Good growth is occurring in the vaccine business, despite the hurdles of public perceptions and public-health funding shortfalls
John Doyle
Quintiles
Ryan Million
Trinity
There is a perception that national vaccination programs, or even just individual vaccinations for, say, travelers going abroad, has been motoring along for decades, due to the near-universal acclaim that vaccination has had over the past century in eliminating human scourges like polio and measles. But along the way, it should be noted, a tiny but significant occurrence of adverse reactions had been taking place, leading to the establishment of the National Vaccine Injury Compensation Court (VICP) in 1988 (which has adjudicated a couple thousand claims out of the more than two billion vaccine treatments administered since then; compensation is funded by a surtax on vaccine sales).
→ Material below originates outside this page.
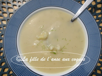 J'ai trouvé ici cette recette très classique de crème de chou-fleur. Je n'ai pas mis de crème par contre. Je n'en voyais pas la nécessité, mais si vous préférez en ajouter, cela donne davantage d'onctuosité. Au service, j'ai garni de quelques fleurons de chou-fleur et de ciboulette. Cette soupe est délicieuse, avec ou sans crème.

Then came the now-thoroughly discredited study claiming a connection between childhood vaccines and autism, and things haven’t been quite the same since. While that study, originating in the UK in 1998, was partially and then fully retracted, and despite dozens of resulting studies that found no such connection, it led to the growth of an “anti-vaxx” community (see box) that fights against requirements for childhood vaccines. And that, in turn, creates turmoil as each of several important, new vaccines enter the market, for both children and adults. Exhibit 1 for this trend is the vaccines for human papilloma virus (HPV), which is linked to cervical cancer, but which has had a bumpy introduction in the healthcare field since Merck brought Gardasil out in 2006.
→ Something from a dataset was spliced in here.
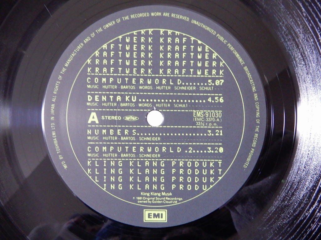 CATEGORY ROCK POP JAZZ SOUL/FUNK JAPANESE HOUSE/TECHNO LATIN BRAZIL OST HIPHOP TERESA TENG BLUES REGGAE CLASSICAL WORLD ARTIST Kraftwerk TITLE Kraftwerk Computer World EMI EMS-91030 Japan VINYL LP LABEL EMI FORMAT LP COVER E (Excellent) conerbump VINYL E+ (Excellent Plus) OBI STRIPE NONE COMMENTS The pictures in this page show actual item which you will receive. Accessories not shown in the photo are not included. Please note that shipping rates are for single LPs. Gatefold & Double albums count as 2LPs, 2CDs Triple albums count as 3LPs, 3CDs & Box Sets are counted per LP & CD. ▶ Grading Policy All gradings are visual and very strict. ▼ Record grading S (Sealed) Record is still sealed and has never been played. M- (Mint minus) Like new. The record does not have any visible light scratches or cracks. E+ (Excellent Plus) The record has hardly visible small scratches etc. The label may have some * In effect E+ means almost faultless. We think you can find records graded E+ quite satisfactory, unless you are a collector who is determined to own a brand new record. EX (Excellent) There are some light scratches and cracks on the record (which can be felt by touch). Sometimes these slight defects may influence sound. *Although some noise is audible in quieter sections of the record, such as fade-outs, and it is especially conspicuous between tracks, it does not have a profound influence on the whole record. The label may have discolorations or ring wear. EX- (Excellent Minus) It is worse than the above, but there are no needle jumps. There is some noise. The label may have discolorations or ring wear. VG+ (Very Good Plus) It is worse than the above. But,No Needle jumping. There is some noise. The label has discolorations or ring wear. VG (Very Good ) It is worse than the above. ▼ Cover grading S (Sealed) Record is still sealed and has never been played. M- (Mint minus) Like new.The Cover does not have any lines, folds, scratches, cracks, spots, or other similar folds. E+ (Excellent Plus) The Cover has small lines / folds / scratches / cracks / spots / ring wear, or other similar faults. E (Excellent) The Cover may have light lines, folds, scratches, cracks, spots, some writing, some tape or sticker (or traces of such) and ring wear. It may be slightly dirty. E- (Excellent minus) It is worse than the above, The Cover may have light lines, folds, scratches, cracks, spots, some writing, some tape or sticker (or traces of such) and ring wear. The Cover may be dirty. VG+ (Very Good Plus) It is worse than the above,The Cover has striking folds, scratches, cracks, spots, ring wear, some writing, scotch tape, or stickers. VG (Very Good) It is worse than the above. ▼ OBI grading S (Sealed) M- (Mint minus) E+ (Excellent Plus) E (Excellent) E- (Excellent minus) VG+ (Very Good Plus) VG (Very Good) - - - - ▼ Other Abbreviations W Writing ST Stickers, tape WD Water Damage S Stain M Mold C Corner cut P Punch hole D Drill hole SP Cover Split DJ promotion copy SF Same Flip ▼ OBI Abbreviations OW OBI Writing OST OBI Stickers, tape OWD OBI Water Damage OS OBI Stain OM OBI Mold OP OBI Split - - - - - - - - - - ▼ Degree of Warping Vinyl Condition: 「Warp 1」 Vinyl Condition: 「Warp 2」 Vinyl Condition: 「Warp 3」 ▼ NOTICE All gradings are visual. Please note that we only perform lightly cleaning. An abbreviation of the country of origin is listed next to/below the label. Warps, heat damage, or chemical changes due to polyurethane sleeves and vinyl chloride records, and manufacturing defects, etc... are separately described in the comment column. We will be happy to give you more information for any special record if you have further questions. ▶ International Buyers - Please Note: Import duties, taxes and charges are not included in the item price or shipping charges. These charges are the buyer's responsibility. Please check with your country's customs office to determine what these additional costs will be prior to bidding/buying. These charges are normally collected by the delivering freight(shipping) company or when you pick the item up - do not confuse them for additional shipping charges. We do not mark merchandise values below value or mark items as"gifts"- US and International government regulations prohibit such behavior. IMPOTANT :As of Aug 29, 2025, the U.S. ended the “De Minimis” exemption — even low-value orders may now incur customs duties/taxes. ▶ Payment The item will be shipped within 3 business days after the payment is received. The reserve period is up to 14 days. If you demand for combining multiple vinyl records in one shipping, please make payment for all of items at once. We would appreciate it if you could add the records you wish to purchase to your cart, then click "Request combined shipping." So that we can send you a revised invoice for combining shipping, then please make the payment. ▶ Shipping Information All of the items will be shipped by from Japan. You can check the single or combined international shipping cost from the rates table shown below. Please wait for the invoice of total values which will be issued after the auction. Due to postal regulations aimed at preventing the spread virus infection, postal delivery has been delayed worldwide. Please note that the postal delivery may take more time than eBay expectation to arrive. Please register your phone number with eBay so that your carrier can contact you. When reporting about damage to the cover jacket or vinyl record after you received, please include a photo of the condition of the parcel that was mailed to you. SHIPPING RATES LP We ship by ASIA DHL $16 each add. LP $4.00 Gatefold LP/2LP $6.00 7"/CD $2.00 USA / CANADA / NORTH AMERICA DHL $18 each add. LP $5.00 Gatefold LP/2LP $7.50 7"/CD $2.00 EUROPE / OCEANIA DHL $18 each add. LP $5.00 Gatefold LP/2LP $7.50 7"/CD $2.00 SOUTH AMERICA / AFRICA / MIDDLE EAST DHL $28 each add. LP $6.00 Gatefold LP/2LP $9.00 7"/CD $2.00 ELLA RECORDS has been

Meanwhile, there continues to be a hurry-up-and-wait, start-and-stop process for eradicating infectious diseases throughout the developing world. Endemic diseases such as onchocerciasis (river blindness), preventable by Ivermectin, a drug donated by Merck, are now disappearing in parts of the world. World Health Organization efforts for other diseases continue, aided by private foundations like the Bill and Melinda Gates Foundation and GAVI, the Vaccine Alliance. Nevertheless, the field remains underfunded and underutilized. A recent issue of Science magazine [1] publishing the results of a committee of infectious disease experts, notes that there are at least ten “feasible” diseases that are addressable by current vaccine science, yet remain undeveloped. The most notable of these is Ebola, which caused thousands of deaths in Africa in 2014 and led to a panic reaction in the developed world out of fear of the infection spreading.
Pharma manufacturers, buffeted by these societal and technical hurdles, had been retreating from the vaccine field in the early years of this century, but lately have been returning as new science leads to promising outcomes. FDA approved Novartis’ Bexsero, a vaccine for a type of meningitis, last year, and Fluad, a seasonal influenza vaccine, also from Novartis.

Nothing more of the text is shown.